In this study, we have theoretically examined and numerically simulated the effect of Hawking radiation on MSC in the Schwarzschild space-time. We have found that the accessible MSC decreases with an increase in Hawking temperature, while the inaccessible MSC shows a corresponding increase. This phenomenon suggests a redistribution of quantum correlations, previously accessible to inertial observers, across the bipartite modes due to the effects of Hawking radiation.
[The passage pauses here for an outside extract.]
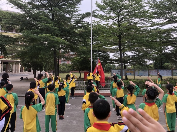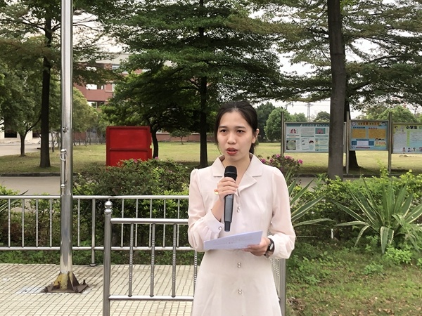 在雄壯的國歌聲中,鮮艷的五星紅旗在全體師生的注目中迎風飄揚。莊嚴的升旗儀式后,黃泳儀老師進行了主題為《牢記安全教育,守護健康成長》的國旗下講話,讓全體同學了解國家安全日來歷及背景。

Moreover, It is interesting to note that, in limit case that the temperature tends to infinity, the accessible MSC equals to \(1/\sqrt{2}\) of its initial value, and the unaccessible MSC between mode A and \(\overline{B}\) also equals to the same value. Our results underscore the critical role of Hawking radiation in the evolution of quantum information properties near black holes and provide a new perspective on the behavior of quantum information in curved spacetime environments.